Data items:

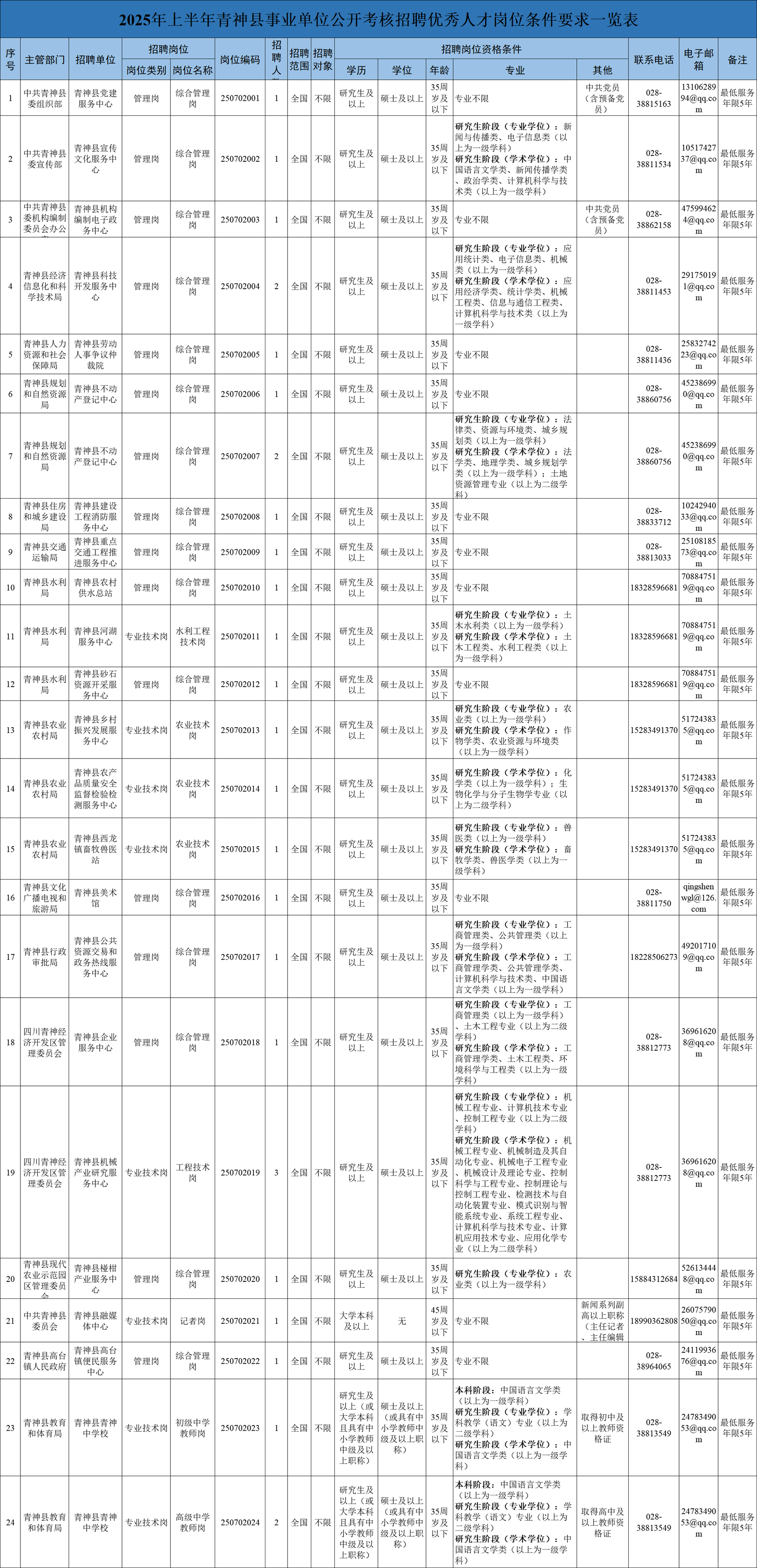 招聘公告详见青神县人民政府网“政务公开——人事信息”专栏。
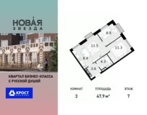 Продаётся 3-к квартира 47.9 кв.м. на 7-м этаже 21 этажного дома, корпус 1 - Резиденция "Вологда". Без отделки.
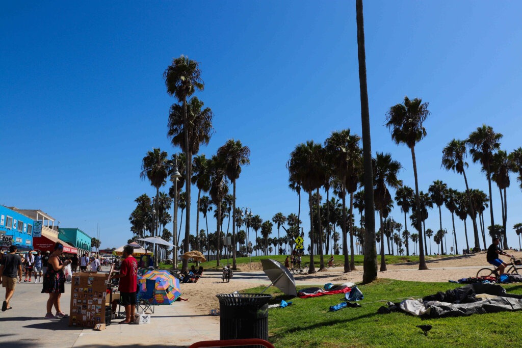 Vom Malibu Beach sind wir zu dem Venice Beach gefahren, wo wir in einer Seitenstraße kostenlos geparkt haben. Der Venice Beach ist mit dem Santa Monica Pier durch einen schönen Fahrradweg verbunden. Durch Palmen fahren wir vorbei an Künstlern, Obdachlosen und den schönen Lifeguard Häuschen.
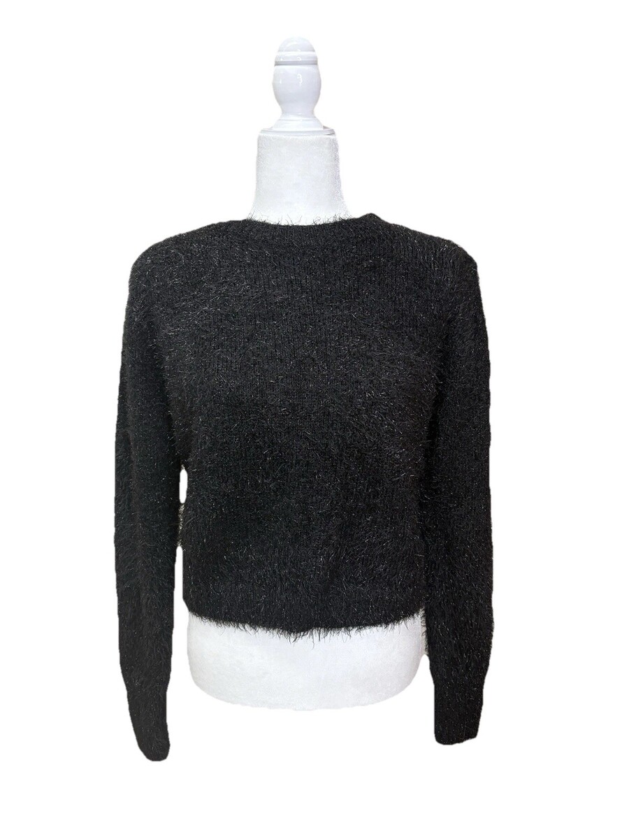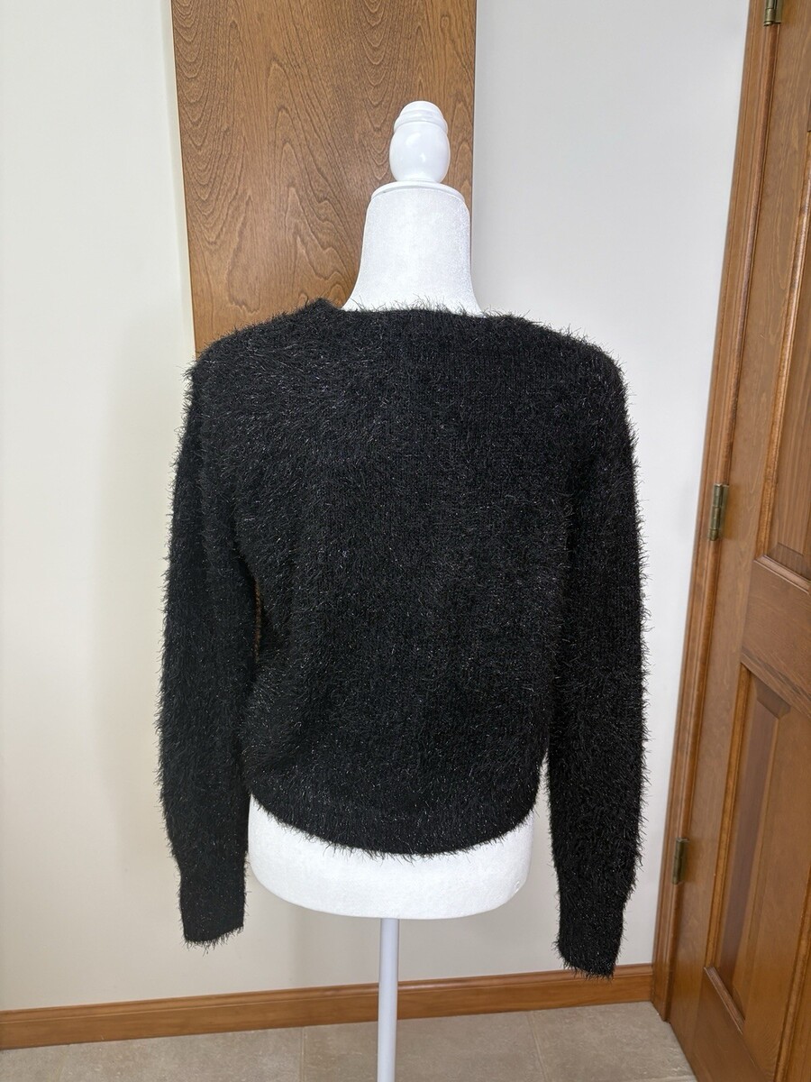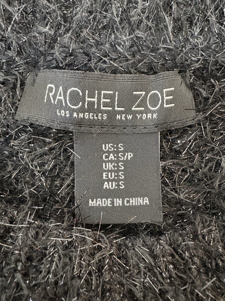 - Rachel Zoe Black Fuzzy Silver Metallic Sweater Size Small Holiday NYE Cropped
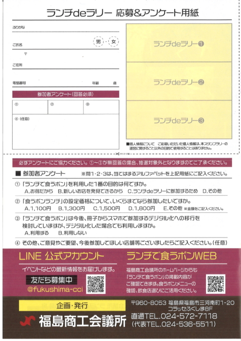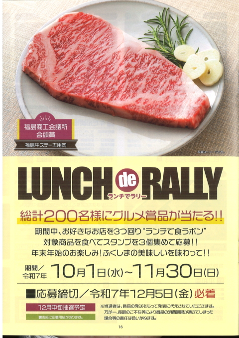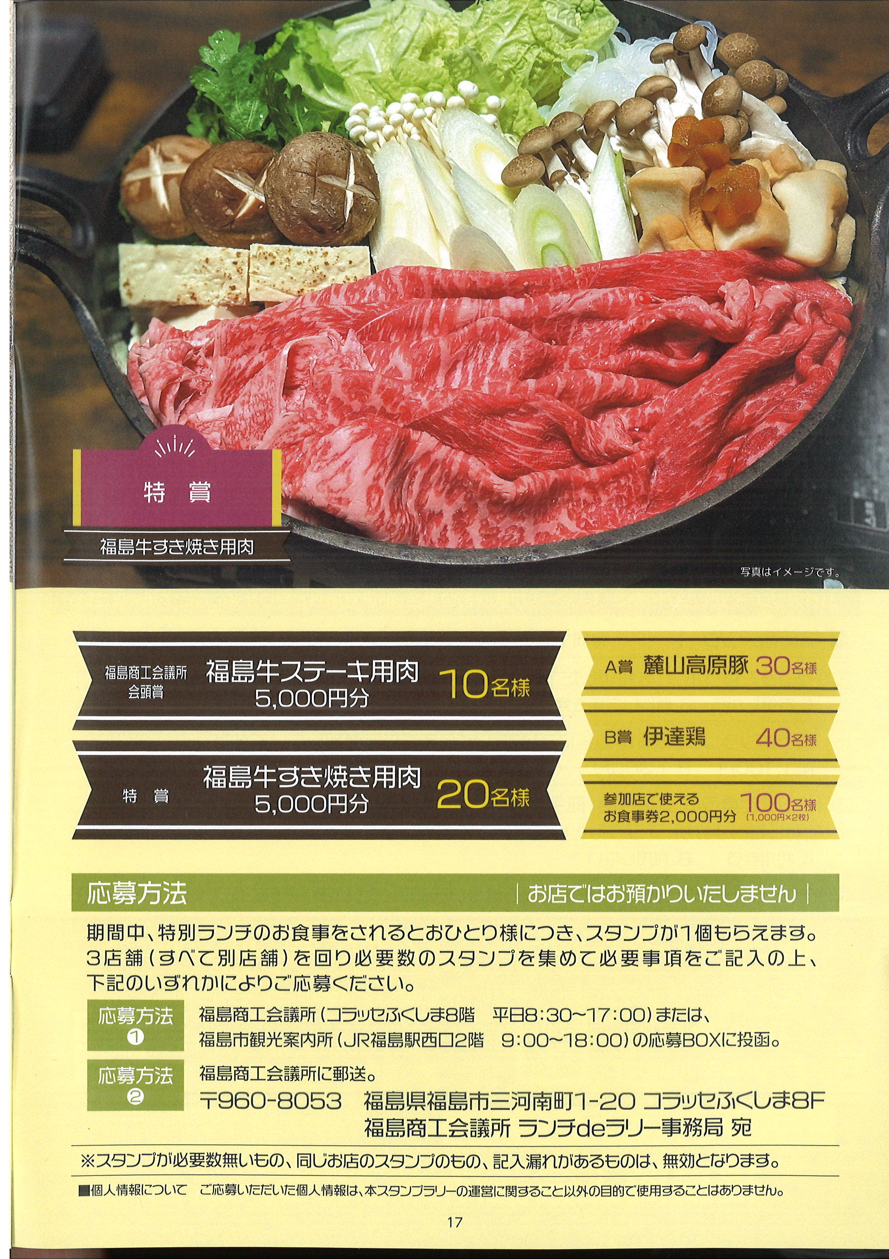 期間中3店舗回って応募すると「福島牛ステーキ用肉」など豪華賞品がGETできる「ランチdeラリー」も開催されております。(応募用紙は冊子にあります)
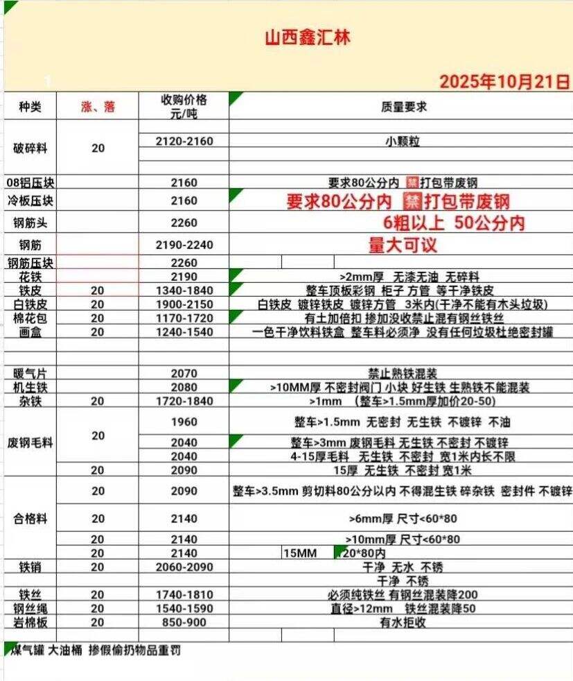 ****年*月*日山西鑫匯林廢鋼報(bào)價(jià)
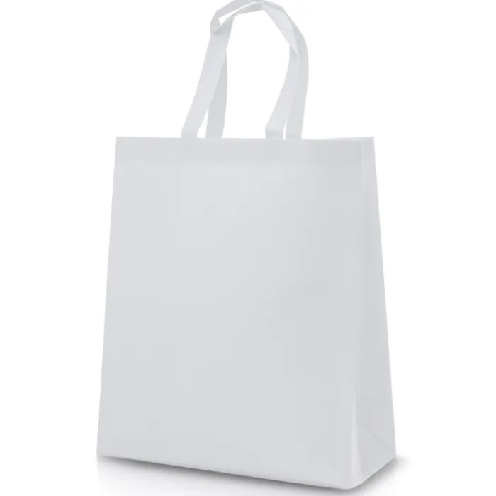 Borsa resistente in tessuto non tessuto laminato opaco da 110g/m². Disponibile in vari colori, è una valida alternativa alle borse in rafia e plastica che usiamo per la spesa.
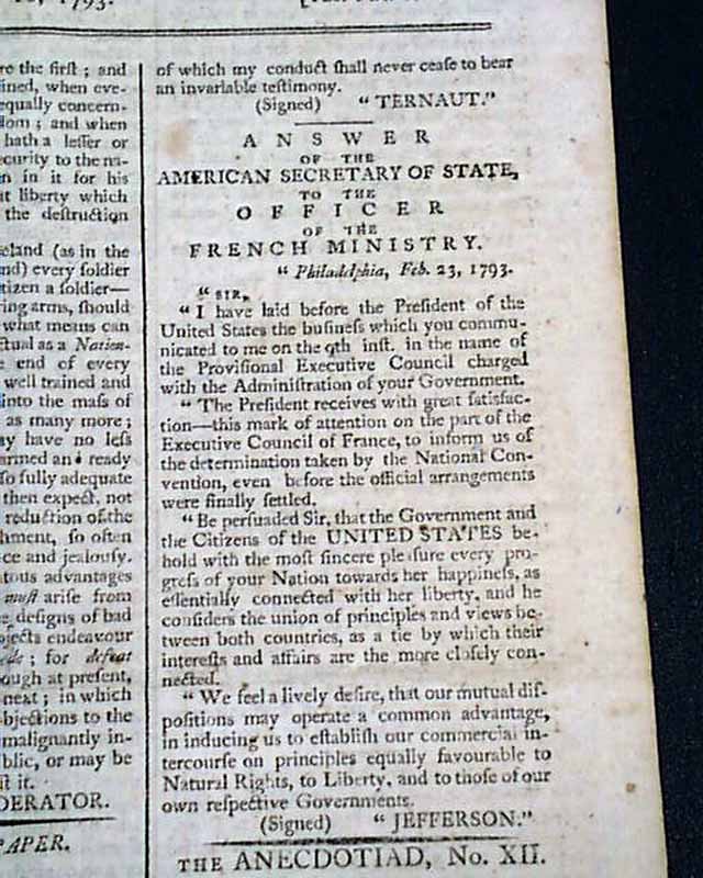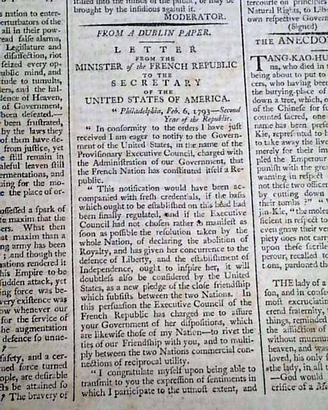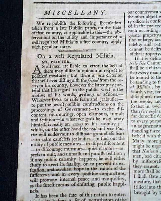Half of the front page is taken up with a lengthy report headed: "On A Well Regulated Militia". Following this is a: "Letter From the Minister of the French Republic to the Secretary of the United States of America", in which they proudly announce: "...that the French Nation has constituted itself a Republic...". This is followed by the reply by the Secretary of
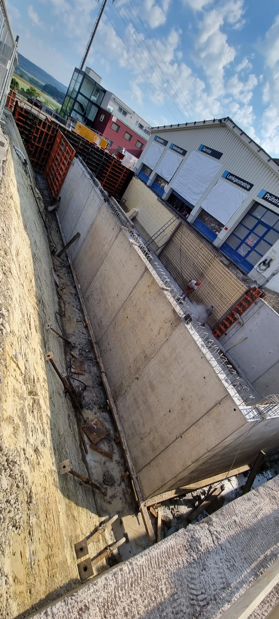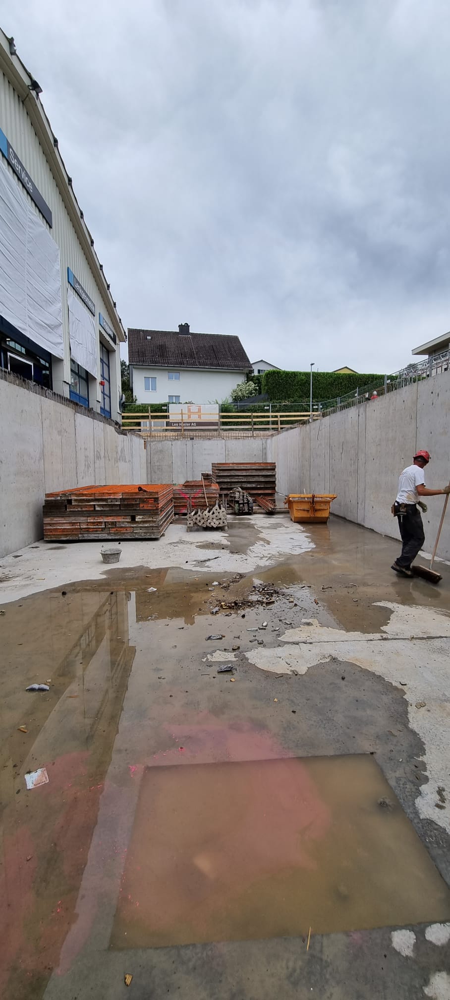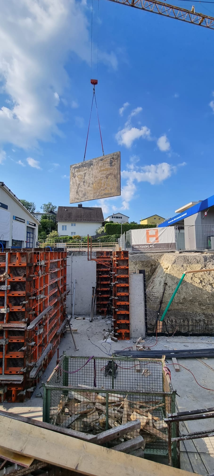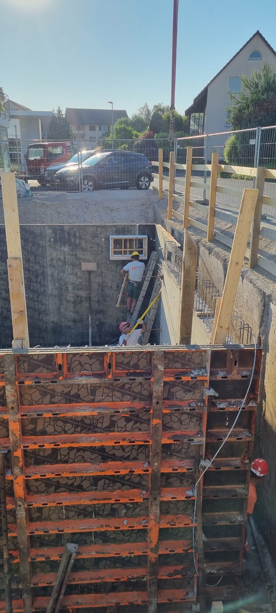 Bei heissen Temperaturen entstand mit viel Einsatz und Fachwissen die Decke unseres neuen Kellers. Anschliessend wurden die Seitenwände abgedichtet und bereits wieder hinterfüllt. Ebenfalls wurden verschiedene Einlagearbeiten für Strom-, Lüftung- und Sanitärinstallationen ausgeführt.
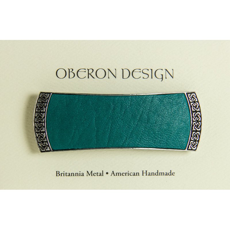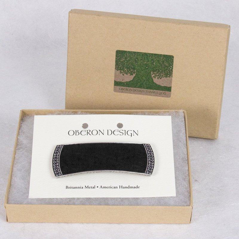 With a style that only fine, handcrafted accessories can achieve, this barrette is the perfect fit for all your favorite looks. Pull fine, thin hair into a classic low pony for a look that goes from the office to an evening out with ease. Curly, thick locks are gracefully tamed with a well-placed barrette, and formal pin-up styles are held securely (and beautifully) in place. You’ll discover that the Oberon Celtic Leather clip is so versatile you’ll reach for it again and again.
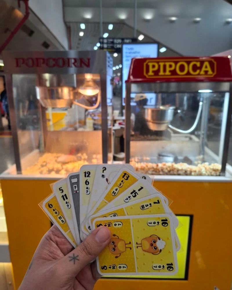 Pipoca é um jogo para duas pessoas que não precisa de mesa nem de espaço — dá para jogar em pé, encostado numa parede ou até na fila do cinema. Ideal para passar o tempo enquanto espera por algo com alguém!
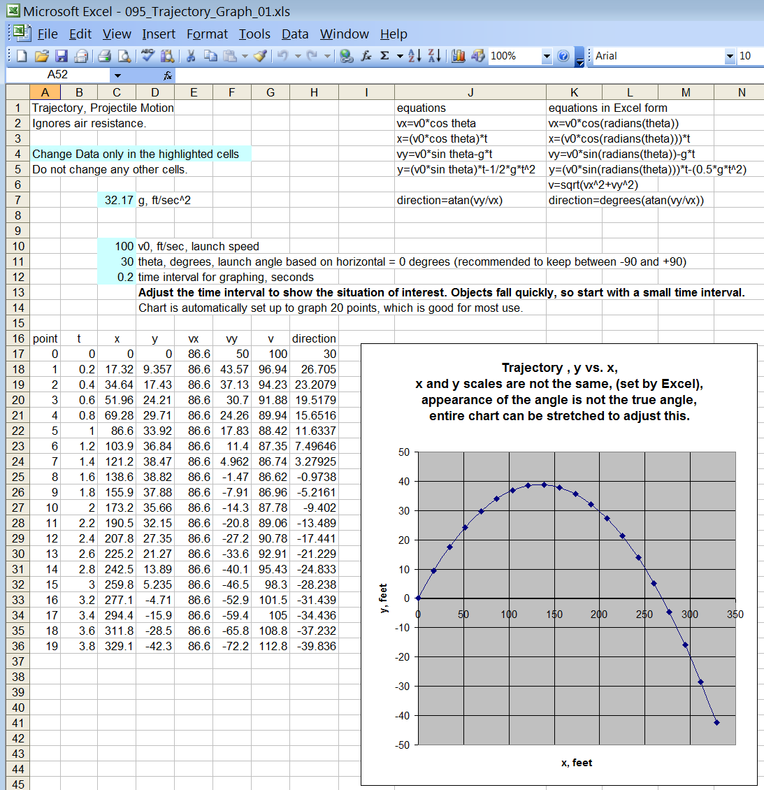 Trajectory Graph on Excel
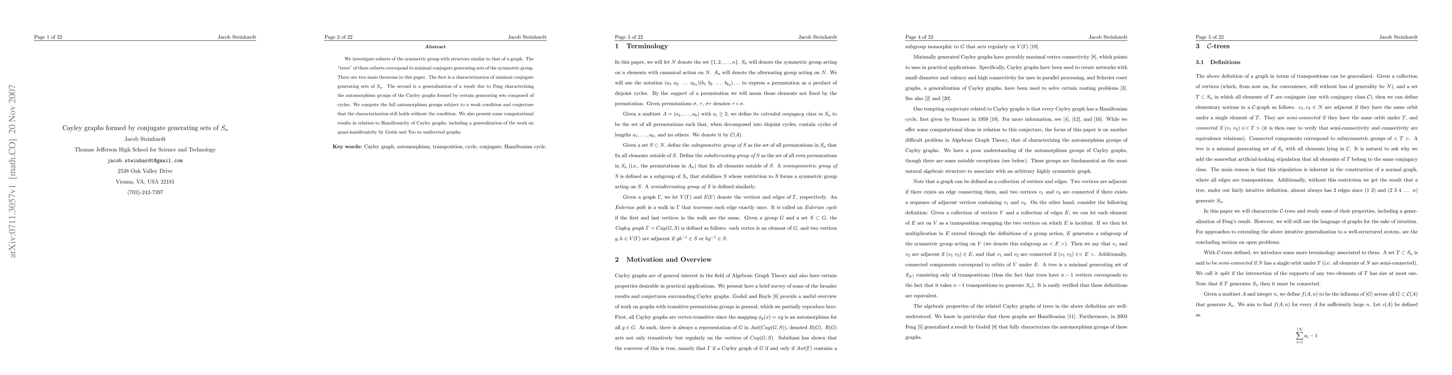 We investigate subsets of the symmetric group with structure similar to that of a graph. The trees of these subsets correspond to minimal conjugate generating sets of the symmetric group. There are two main theorems in this paper. The first is a characterization of minimal conjugate generating sets of S_n. The second is a generalization of a result due to Feng characterizing the automorphism groups of the Cayley graphs formed by certain generating sets composed of cycles. We compute the full automorphism groups subject to a weak condition and conjecture that the characterization still holds without the condition. We also present some computational results in relation to hamiltonicity of Cayley graphs, including a generalization of the work on quasi-hamiltonicity by Gutin and Yeo to undirected graphs.

■ PROBLEM ■
The response is to contain exactly the lines from the beginning of the data through the line containing "Bei heissen Temperaturen", both ends included, and nothing else; omit the pictures.

■ THE ANSWER ■
 招聘公告详见青神县人民政府网“政务公开——人事信息”专栏。
 Продаётся 3-к квартира 47.9 кв.м. на 7-м этаже 21 этажного дома, корпус 1 - Резиденция "Вологда". Без отделки.
 Vom Malibu Beach sind wir zu dem Venice Beach gefahren, wo wir in einer Seitenstraße kostenlos geparkt haben. Der Venice Beach ist mit dem Santa Monica Pier durch einen schönen Fahrradweg verbunden. Durch Palmen fahren wir vorbei an Künstlern, Obdachlosen und den schönen Lifeguard Häuschen.
 - Rachel Zoe Black Fuzzy Silver Metallic Sweater Size Small Holiday NYE Cropped
 期間中3店舗回って応募すると「福島牛ステーキ用肉」など豪華賞品がGETできる「ランチdeラリー」も開催されております。(応募用紙は冊子にあります)
 ****年*月*日山西鑫匯林廢鋼報(bào)價(jià)
 Borsa resistente in tessuto non tessuto laminato opaco da 110g/m². Disponibile in vari colori, è una valida alternativa alle borse in rafia e plastica che usiamo per la spesa.
Half of the front page is taken up with a lengthy report headed: "On A Well Regulated Militia". Following this is a: "Letter From the Minister of the French Republic to the Secretary of the United States of America", in which they proudly announce: "...that the French Nation has constituted itself a Republic...". This is followed by the reply by the Secretary of
 Bei heissen Temperaturen entstand mit viel Einsatz und Fachwissen die Decke unseres neuen Kellers. Anschliessend wurden die Seitenwände abgedichtet und bereits wieder hinterfüllt. Ebenfalls wurden verschiedene Einlagearbeiten für Strom-, Lüftung- und Sanitärinstallationen ausgeführt.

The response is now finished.